WHAT TO DO
A full, exact copy of the listing is needed, with images omitted.

COLLECTED MATERIAL
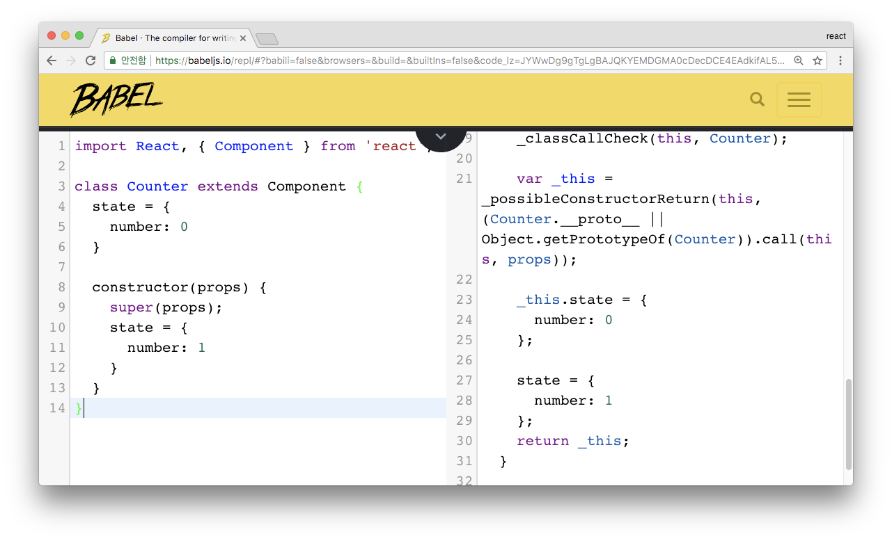 만약 class fields 문법을 사용하지 않는다면 이렇게 돼!
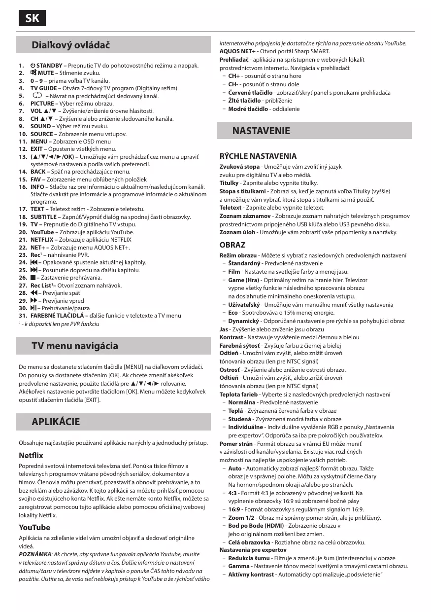 - k dispozícii len pre PVR funkciu TV menu navigácia Do menu sa dostanete stlačením tlačidla [MENU] na diaľkovom ovládači. Do ponuky sa dostanete stlačením [OK]. Ak chcete zmeniť akékoľvek predvolené nastavenie, použite tlačidlá pre ▲/▼/◄/► rolovanie. Akékoľvek nastavenie potvrdíte tlačidlom [OK]. Menu môžete kedykoľvek opustiť stlačením tlačidla [EXIT]. APLIKÁCIE Obsahuje najčastejšie používané aplikácie na rýchly a jednoduchý prístup. Netflix Popredná svetová internetová televízna sieť. Ponúka tisíce filmov a televíznych programov vrátane pôvodných seriálov, dokumentov a filmov. Členovia môžu prehrávať, pozastaviť a obnoviť prehrávanie, a to bez reklám alebo záväzkov. K tejto aplikácii sa môžete prihlásiť pomocou svojho existujúceho konta Netflix. Ak ešte nemáte konto Netflix, môžete sa zaregistrovať pomocou tejto aplikácie alebo pomocou oficiálnej webovej lokality Netflix. YouTube Aplikácia na zdieľanie videí vám umožní objaviť a sledovať originálne videá. POZNÁMKA: Ak chcete, aby správne fungovala aplikácia Youtube, musíte v televízore nastaviť správny dátum a čas. Ďalšie informácie o nastavení dátumu/času v televízore nájdete v kapitole o ponuke ČAS tohto návodu na použitie. Uistite sa, že vaša sieť neblokuje prístup k YouTube a že rýchlosť vášho internetového pripojenia je dostatočne rýchla na pozeranie obsahu YouTube. AQUOS NET+ - Otvorí portál Sharp SMART. Prehliadač - aplikácia na sprístupnenie webových lokalít prostredníctvom internetu. Navigácia v prehliadači: – CH+ - posunúť o stranu hore – CH- - posunúť o stranu dole – Červené tlačidlo - zobraziť/skryť panel s ponukami prehliadača – Žlté tlačidlo - priblíženie – Modré tlačidlo - oddialenie NASTAVENIE
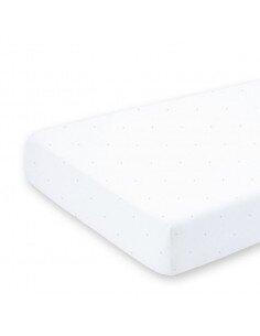Drap de lit de la marque Bemini. Couleur blanc avec de jolis petits points gris.
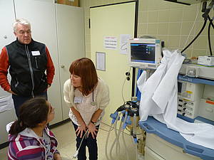 Danach sind wir in einen Untersuchungsraum gegangen. Simon hat sich als erster Patient freiwillig gemeldet und wir durften alle seinen Herzschlag durch das Stethoskop hören.

RESULT OF THIS TASK
 만약 class fields 문법을 사용하지 않는다면 이렇게 돼!
 - k dispozícii len pre PVR funkciu TV menu navigácia Do menu sa dostanete stlačením tlačidla [MENU] na diaľkovom ovládači. Do ponuky sa dostanete stlačením [OK]. Ak chcete zmeniť akékoľvek predvolené nastavenie, použite tlačidlá pre ▲/▼/◄/► rolovanie. Akékoľvek nastavenie potvrdíte tlačidlom [OK]. Menu môžete kedykoľvek opustiť stlačením tlačidla [EXIT]. APLIKÁCIE Obsahuje najčastejšie používané aplikácie na rýchly a jednoduchý prístup. Netflix Popredná svetová internetová televízna sieť. Ponúka tisíce filmov a televíznych programov vrátane pôvodných seriálov, dokumentov a filmov. Členovia môžu prehrávať, pozastaviť a obnoviť prehrávanie, a to bez reklám alebo záväzkov. K tejto aplikácii sa môžete prihlásiť pomocou svojho existujúceho konta Netflix. Ak ešte nemáte konto Netflix, môžete sa zaregistrovať pomocou tejto aplikácie alebo pomocou oficiálnej webovej lokality Netflix. YouTube Aplikácia na zdieľanie videí vám umožní objaviť a sledovať originálne videá. POZNÁMKA: Ak chcete, aby správne fungovala aplikácia Youtube, musíte v televízore nastaviť správny dátum a čas. Ďalšie informácie o nastavení dátumu/času v televízore nájdete v kapitole o ponuke ČAS tohto návodu na použitie. Uistite sa, že vaša sieť neblokuje prístup k YouTube a že rýchlosť vášho internetového pripojenia je dostatočne rýchla na pozeranie obsahu YouTube. AQUOS NET+ - Otvorí portál Sharp SMART. Prehliadač - aplikácia na sprístupnenie webových lokalít prostredníctvom internetu. Navigácia v prehliadači: – CH+ - posunúť o stranu hore – CH- - posunúť o stranu dole – Červené tlačidlo - zobraziť/skryť panel s ponukami prehliadača – Žlté tlačidlo - priblíženie – Modré tlačidlo - oddialenie NASTAVENIE
Drap de lit de la marque Bemini. Couleur blanc avec de jolis petits points gris.
 Danach sind wir in einen Untersuchungsraum gegangen. Simon hat sich als erster Patient freiwillig gemeldet und wir durften alle seinen Herzschlag durch das Stethoskop hören.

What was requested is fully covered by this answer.